The culprit: Washington, D.C. and the fight over the “debt ceiling,” the maximum amount by law that Uncle Sam can borrow.
Well, we’re there again.
Sometime next month, the U.S. will hit its spending limit.
And if Uncle Sam’s enablers—Congress—allow that to happen and don’t raise the limit…well, as Chris Isaak once sang, “Baby did a bad bad thing.”
America would not be able to hit up the bond market and borrow the money necessary to pay its debts. Uncle Sam would potentially miss upcoming bond payments. Technically, that’s a default.
And America defaulting on its debt is a huge—HUGE!—deal.
Not just for America…
For the world.
U.S. debt is—supposedly—the safest in the world. But the moment America misses a single bond payment, that whole shtick about “the full faith and credit of the U.S. government” goes right down the flusher.
Investors would rightly worry about the future, and whether America’s insanely polarized, political circus clowns would continually use the debt ceiling as a stick to wallop the other party every time power switches in Congress or the White House.
Investors outside America are quickly realizing that what’s good for America no longer matters to American politicians.
What’s good for party…that’s all that matters in America now.
The power-hungry lunatics in Congress have decided that the only things truly important to them are undermining the opposition and winning election campaigns…no matter how badly their tactics impact the U.S. economy.
They appear all too happy to let Uncle Sam default, despite the clearly knowable impacts to the stock market, and to the wealth of ordinary Americans who will see their brokerage and retirement accounts slammed again.

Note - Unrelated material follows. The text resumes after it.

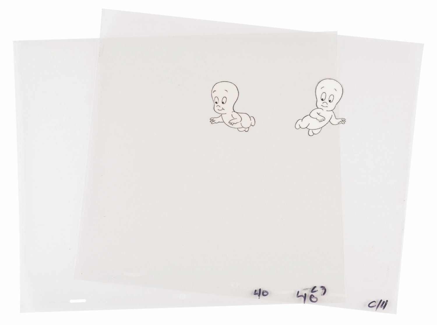 (Hanna-Barbera, 1979) A pair of original production cels from “Casper and the Angels.” Measuring 10.5” x 12.5” with a character image size of 2” x 1.75” and 2.25” x 2”, the cels are in fine condition.

And, so, we come to the debt ceiling financial fisticuffs…
My advice: Be prepared for a few months of financial pain.
And be prepared to snap up certain stocks on the cheap. There are a few in the Global Intelligence portfolio that I will be telling readers to double down on, if they hit certain levels—particularly commodity stock and stocks tied to the blockchain.
The stock market has fallen 2% or 3% so far this month. As the rhetoric and vitriol heat up in D.C., and as Uncle Sam lurches ever-closer to his Mastercard spending limit, the U.S. and world markets are going to be increasingly on edge.
And if we wake up on some Monday morning in October to find that the U.S hit the debt ceiling and that S&P has downgraded American debt once again, you can bet it’s going to be a very dour autumn in America.